Arch doesn't exist in the past. Arch ALWAYS just is. Don't live in the past, live in the moment like the Eagle that is Garuda. And that's the story of why you want to update everything while installing something new.
Oooohh, I see, OK that makes sense. I didn't realize there was a "snapshot" concept going on throughout, I thought that only pertained to installation ISOs, like "install this snapshot means install Manjaro up-to-date as of xx.xx.xxxx date."
OK, this is all much more clear now. Thank you for that, @fbodymechanic. Very much.
Doing partial or no update while installing a package in Arch or Arch-based distros is a very bad idea. It works fine in point-release distros like Debian/Ubuntu or distros based on them, not in Rolling release distros like Arch, Opensuse Tumbleweed or Debian Sid.
So Manjaro holds stuff back and releases updates not necessarily based exactly on Arch.
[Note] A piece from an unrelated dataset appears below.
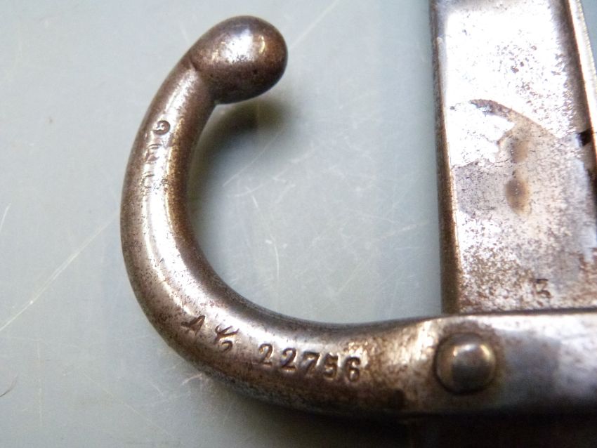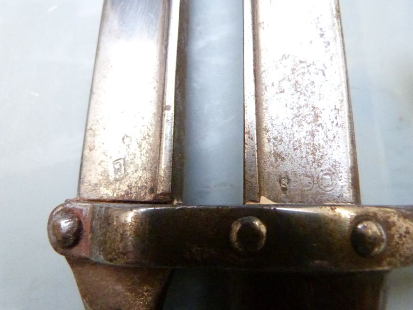 French 1874 pattern Gras bayonet conversion to fire side tongs, marked 1882 to 52cm blade

So since we don't know exactly what goes into a snap for instance, if say a snap developer does in fact update (we may not even know) their package for Ubuntu, they will be doing so knowing the exact outcome for doing such an update. So even if they are running a snap made today, they know that the snapshot of Ubuntu 20 again won't change, so they can know exactly how their software will work if they do infact update something.
Yep, its all becoming very clear to me, thank you for the info.
Gotcha, thank you very much. Maybe my misconceptions were a carryover from windows days? Not sure, but this all makes a lot more sense now, and I greatly appreciate your patient explanations.